Novo Nordisk’s Alhemo (concizumab) has been recommended by the European Medicines Agency’s human medicines committee to prevent bleeding in haemophilia patients aged 12 years or older.
If approved, Alhemo would be the first once-daily subcutaneous prophylactic treatment for patients with haemophilia A or B and inhibitors.
Affecting approximately 1,125,000 people globally, haemophilia is a rare inherited bleeding disorder that impairs the body’s ability to make blood clots, a process needed to stop bleeding.
The condition is usually treated with regular intravenous infusions of clotting factor replacement products. However, some patients can develop inhibitors as an immune response to the clotting factors in these therapies, limiting treatment options.
It is estimated that up to 30% of patients with severe haemophilia A and up to 10% of those with severe haemophilia B develop inhibitors.
Novo’s Alhemo is an anti-tissue factor pathway inhibitor monoclonal antibody that is designed to help the blood to clot and prevent bleeding, even in the presence of inhibitors.
The Committee for Medicinal Products for Human Use’s decision on the therapy was supported by positive results from the late-stage explorer7 study, which demonstrated an 86% reduction in treated spontaneous and traumatic bleeds in patients receiving Alhemo prophylaxis compared to no prophylaxis.
Novo said it expects the European Commission to make a decision on Alhemo within approximately two months.
Stephanie Seremetis, the company’s chief medical officer for haemophilia, described the positive opinion as a “major milestone for patients”.
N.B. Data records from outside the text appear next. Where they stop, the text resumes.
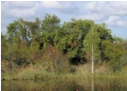
Figure 2. Top – Typical L. microphyllum infested tree island. Bottom – Tree island 2217D immediately following treatment, November 1999.

slowly increasing in all vegetative layers. This was expected and is consistent with monitoring post-treatments of other Category 1 invasive pest plants. Nineteen native species were recorded in the study plots. The native species list was similar to that reported on other refuge tree islands (Brandt and Black 2001, Brandt et al. in prep, USFWS 2001). The dominant native species in the ground layer were ferns (swamp, chain, and shield) and herbs and forbs such as marsh beggar's-tick and bog
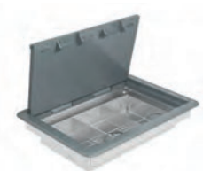
Empty floor box
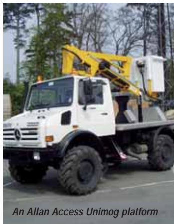
An Allan Access Unimog platform

The company has recently completed a 2,300 square metres (25,000 sq ft) extension to add to its 3,250 square metre (35,000 sqft) facility to be able to cope with the ongoing growth in after sales services.
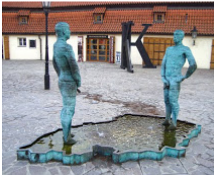
Kafka Museum garden, Prague
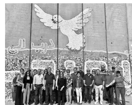
At the Gaza border.
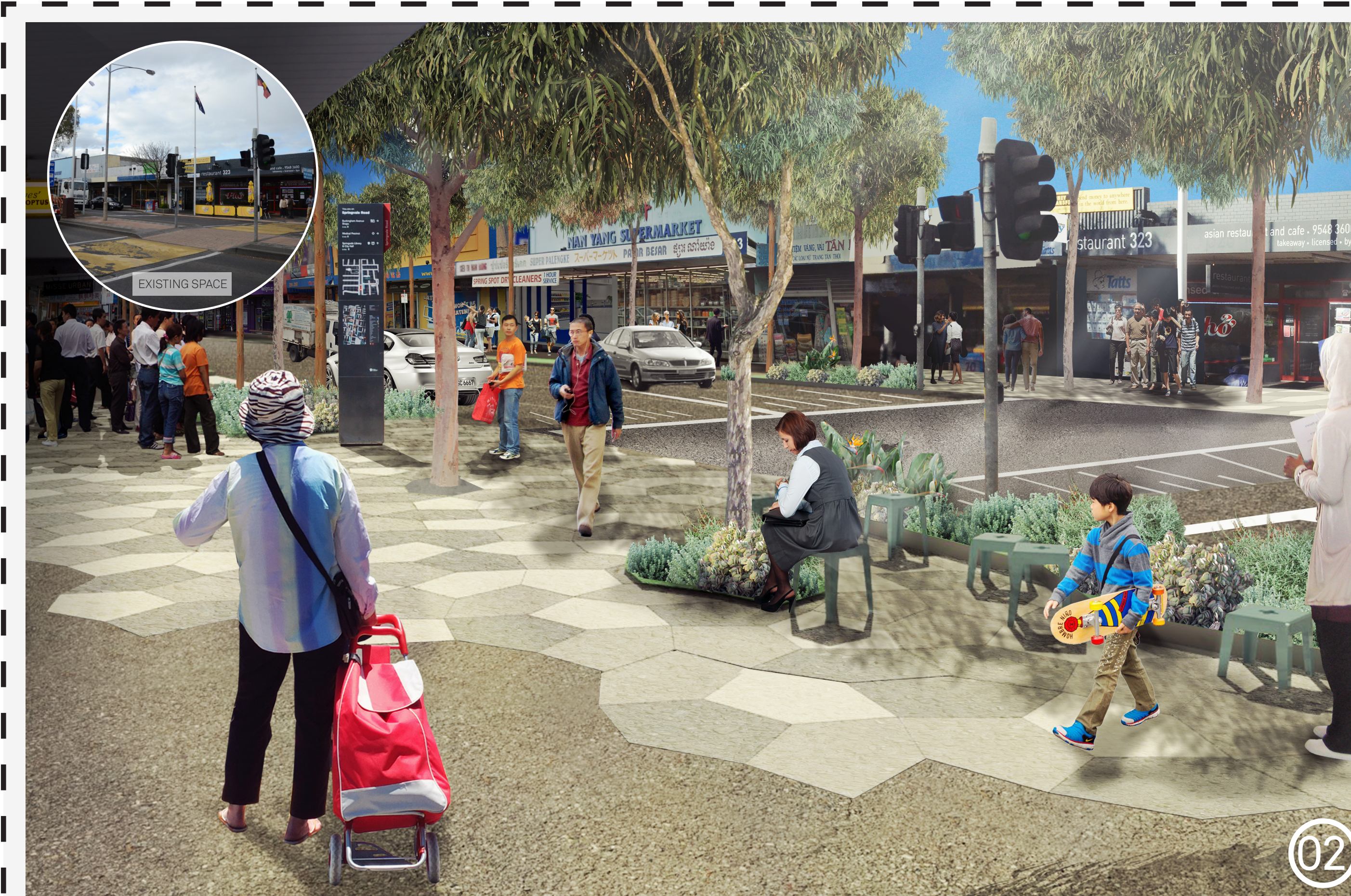
POST OFFICE LANE CONNECTION
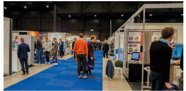
Impression of the Precision Fair 2021, which was the first edition in the Brabanthallen in Den Bosch.

Partially overlapping with the Precision Fair, the European Society for Precision Engineering and Nanotechnology (euspen) will organise its second international Special Interest Group on Precision Motion Systems & Control congress on Tuesday 15 and Wednesday 16 November.
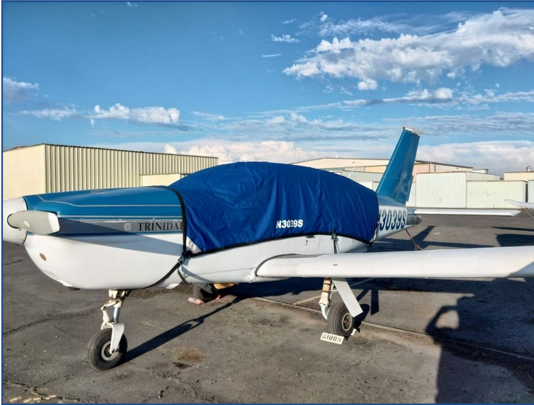
Socata TB-20 Trinidad Canopy Cover, Custom Color Upgrade

She said: “[Alhemo] could alleviate the physical, emotional and overall treatment burden for people living with haemophilia, as it is delivered in a pre-filled, multi-use, portable pen that can be stored at room temperature for up to four weeks.
“This could enable patients to have greater confidence in the pursuit of daily activities, which is especially important for people living with haemophilia B with inhibitors, who currently have very limited treatment options.”
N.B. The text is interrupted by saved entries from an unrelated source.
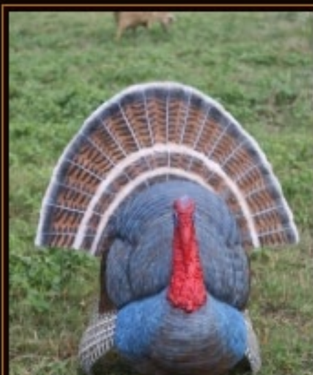
Wild Turkey (JR ... £255.00 Plus VAT
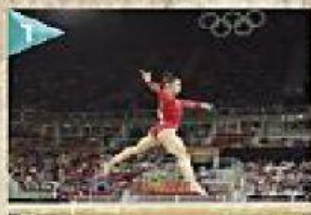
gymnast / dancer
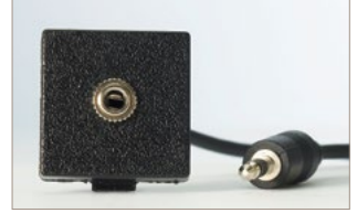
3.5mm stereo plug
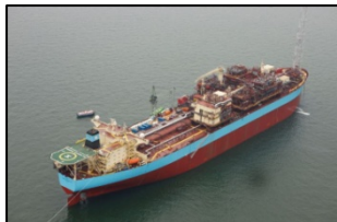
Various Trading Ships
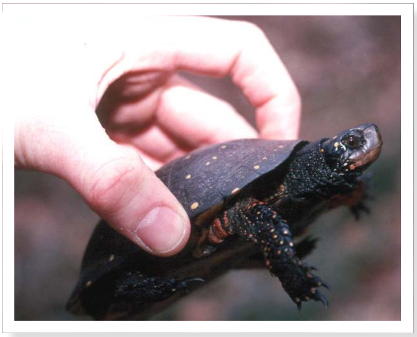
A spotted turtle found in Grafton.

For creatures without fur or feather, winter is a waiting game. To escape the killing freeze they dig down in the cold dark muck that lies beneath Grafton's wetlands and slip into a deep sleep. Faint evidence of life's rhythmic pulse clings tightly to their core as snow blankets the landscape above. There they lie, motionless, to be awoken only by the gradual warming of spring. One such creature well adapted to survive New England's long winters in this manner is the spotted turtle (Clemmys guttata).
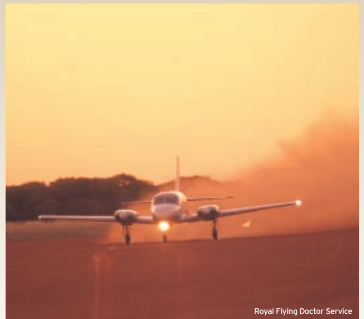
Royal Flying Doctor Service

of outback travel. Check out the restored locomotive and carriages. The museum is open daily 9am -5pm.
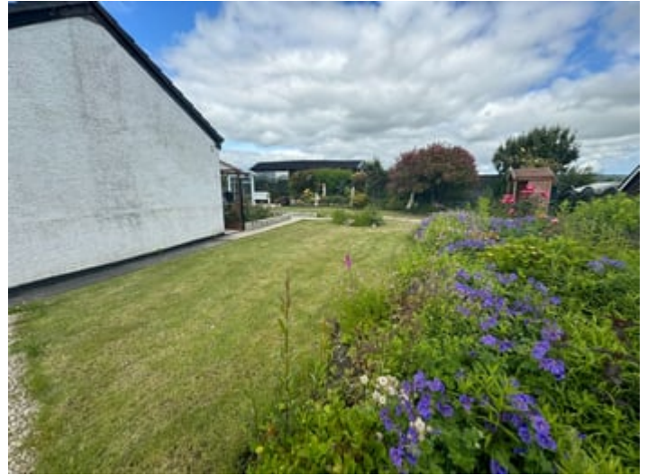
GARDEN (THIRD IMAGE)
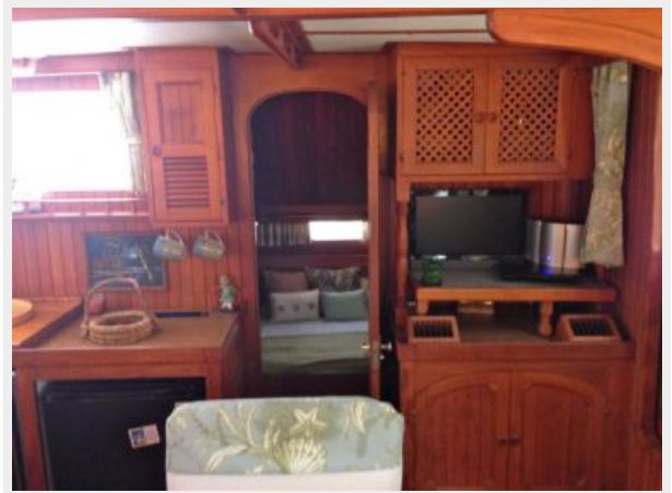
41' DeFever galley photo2
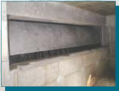
TRU-BEND sealed on all four sides
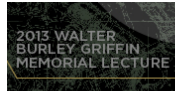
Walter Burley Griffin Memorial Lecture
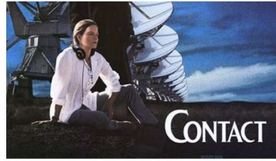
Fig. 6. The poster of the movie Contact, 1997, telling about the discovery of an ET signal with the Very Large Array of radio telescopes in New Mexico.

and troublesome topics, could anyway be interpreted as hiding something. Appearing within a big TV telecast as Voyager in Italy implied reaching two million watchers at once, explaining what SETI is, against the roughly five thousand people per year visiting the radio astronomical station. Nevertheless, the possibility of not accepting the visit of the presenter and the authors of the telecast has been
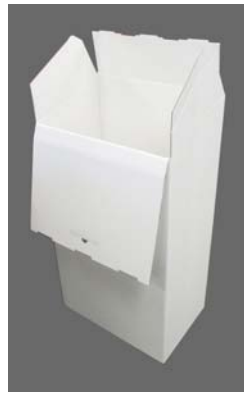
Step 3 Flip the unit upright.
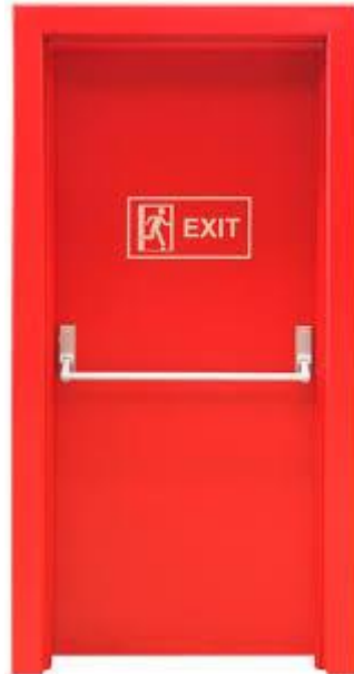
Prefab Continued at Component level
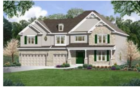
Willow - B • 4,217 sq. ft.
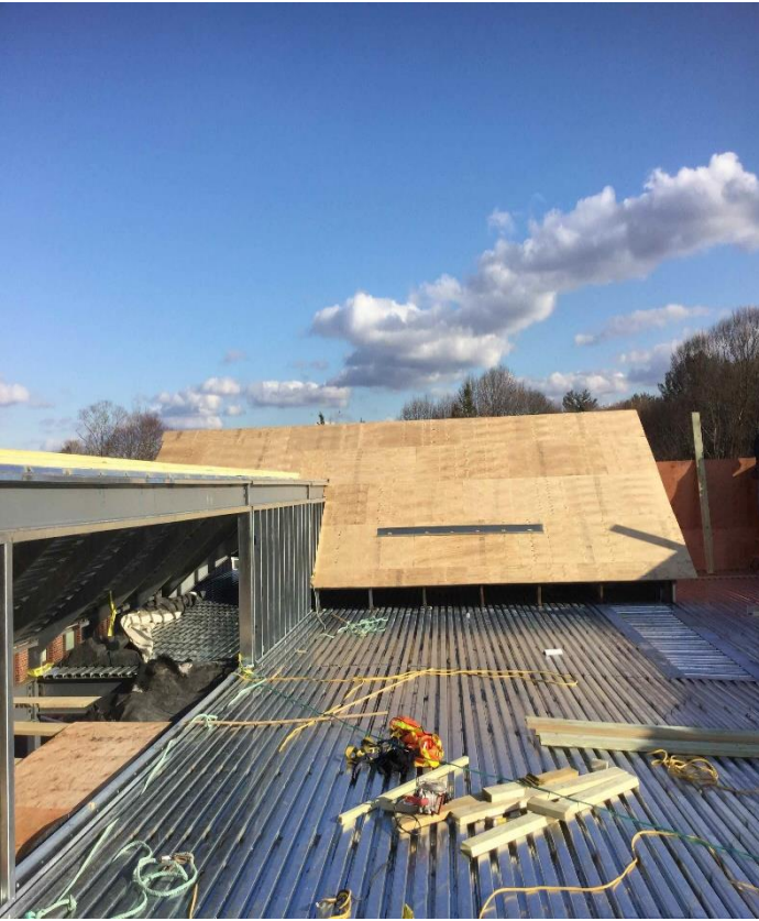
Signed Beam In Place

The recommendation comes just one month after Novo entered into a multi-year partnership with NanoVation Therapeutics to advance genetic medicines for cardiometabolic and rare diseases.
The deal, which is worth worth $600m, combines Novo’s capabilities in the two areas with NanoVation’s proprietary long-circulating lipid nanoparticle technology for RNA delivery to cells outside of the liver.